29ㅡCall

10.7K 2.3K 339
                                    

Kugosok perlahan rambut basahku dengan handuk kecil milik Yoongi.

Ia meminjamkannya padaku beberapa jam yang lalu usai menyudahi obrolan kami secara sepihak. Ya, secara sepihak.

Tentu saja aku masih penasaran dengan laki-laki yang ia maksud, apakah sepupunya? Teman dekatnya? Orang spesial baginya? Atau jangan-jangan ia menyimpang? Oh, pikiranku mulai bertebaran ke mana-mana.

Aku kemudian memilih untuk duduk di tepi ranjang, masih dengan handuk yang tersampir di bahuku dan kedua tanganku yang setia menggosok rambutku.

Akhirnya setelah teringat sesuatu, aku meraih tasku dan mencari keberadaan handphoneku, mengeceknya dengan berharap ada pesan dari Taehyung tapi ternyata ia tidak mengirimiku pesan sama sekali.

Jangan tanya mengapa aku berharap ia mengirimiku pesan, aku hanya penasaran apa yang sebenarnya ia pikirkan selama ini. Apakah ia hanya mempermainkanku atau ia benar-benar mencintaiku.

Kutarik napasku lalu membuangnya perlahan, aku tidak benar-benar mengerti soal cinta dan tetek-bengeknya segala macam. Apa yang harus diharapkan dariku?

Akhir-akhir ini aku malah benar-benar memikirkan nasibku, kehidupan normalku yang harus berubah karena lelaki maniak seperti Taehyung dan lelaki aneh seperti Jimin.

Mereka benar-benar seperti duo penghancur hidup seseorang, mereka menghancurkan hidupku.

Tidak. Tidak. Bukankah mereka setidaknya memberikan warna pada hidupku? Mereka berhasil membuat kehidupanku setidaknya terasa lebih hidup karena beban yang mereka berikan.

Sesaat setelah aku menggelengkan kepalaku kuat atas apa yang aku pikirkan barusan, Yoongi tiba-tiba mengetuk pintu kamarku. Dengan buru-buru aku meraih kacamata di atas nakas dan memakainya, tepat setelah itu Yoongi benar-benar membuka pintu dan masuk ke dalam.

"Aku sengaja mengetuk terlebih dahulu agar kau tahu bahwa aku akan masuk, apa aku menganggumu?" Ia menaikkan kedua alisnya menunggu jawabanku sembari menjilat bibir bawahnya sendiri.

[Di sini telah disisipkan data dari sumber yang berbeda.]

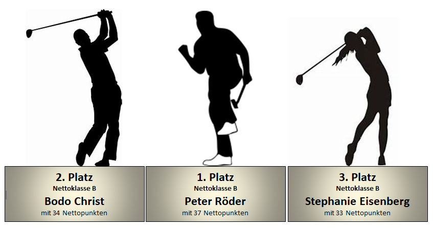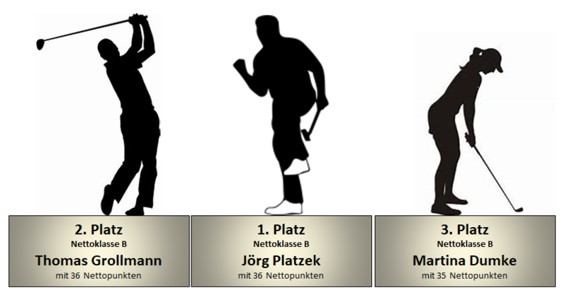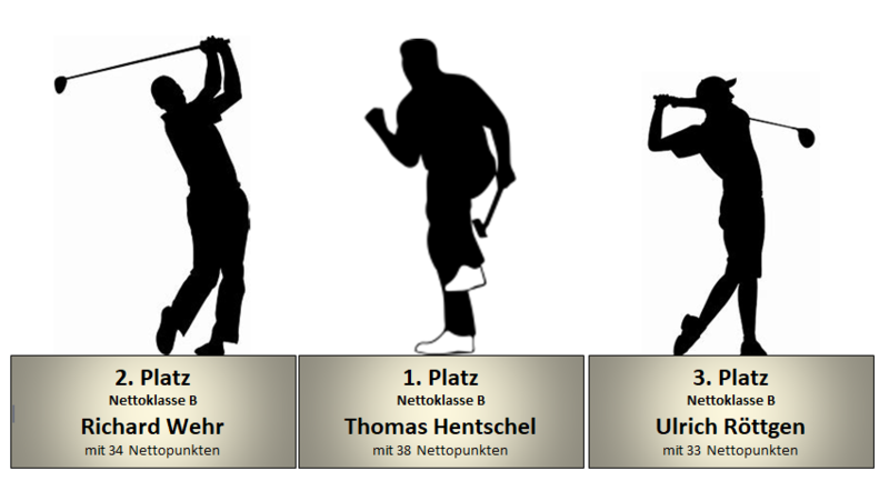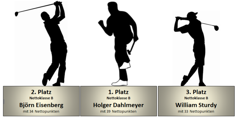 In der HCP-Klasse B von 22.0 bis 28,5 standen drei Spieler der SG Bergische Golfer auf dem Siegerpodest. Hier verbesserte Michael Schmitz, mit 39 Nettopunkten auch seine HCP-Vorgabe und mit je 36 Nettopunkten belegten Holger Dahlmeyer und Rüdiger Funke die Plätze 2 + 3.

Aku menelan salivaku, entah mengapa Yoongi rasanya jauh lebih tampan ketika ia mencoba untuk membasahi bibirnya sendiri.

"Hyesun?"

Aku spontan menggeleng, tersenyum sembari mengalihkan atensiku ke handphoneku yang tiba-tiba berdering.

Sebuah panggilan dari nomor tidak dikenal, kuharap ini bukan Ibu. Karena aku tidak menyimpan nomornya. Jadi kupikir ia mungkin secara cuma-cuma menelponku untuk memarahiku mengapa aku tidak berada di rumah saat ini. Aku dan Yoongi saling melempar pandang sebelum akhirnya Yoongi menyuruhku untuk mengangkat panggilan dari siapa pun itu.

"Aku tidak menyimpan nomornya, mungkin salah sambung," sahutku enteng sambil meletakkan benda tersebut ke atas nakas.

Yoongi mengangguk-angguk mengerti, namun sedetik kemudian raut wajahnya berubah tatkala ia memperhatikan nomor yang muncul di layar handphoneku dengan seksama.

"Ternyata benar." Ia berdesis sebelum akhirnya secara tiba-tiba meraih handphoneku dan menggeser layarnya.

"Apa? Tidakㅡtunggu." Aku meraih handphoneku namun Yoongi menangkap tanganku dengan cepat. Ia meletakkan handphoneku di telinga kanannya sedangkan tangannya masih memegang tanganku, perlahan ia bergerak menuju telapak tanganku.

Menautkan jari-jemari miliknya pada milikku dan kemudian meremasnya pelan. Hal ini sukses membuat aku terdiam dengan wajah yang bersemu merah.

Kalian bisa bayangkan posisiku yang duduk di tepi ranjang dan Yoongi yang berdiri di hadapanku dengan tangan kananku yang ia tautkan dengan tangan kirinya.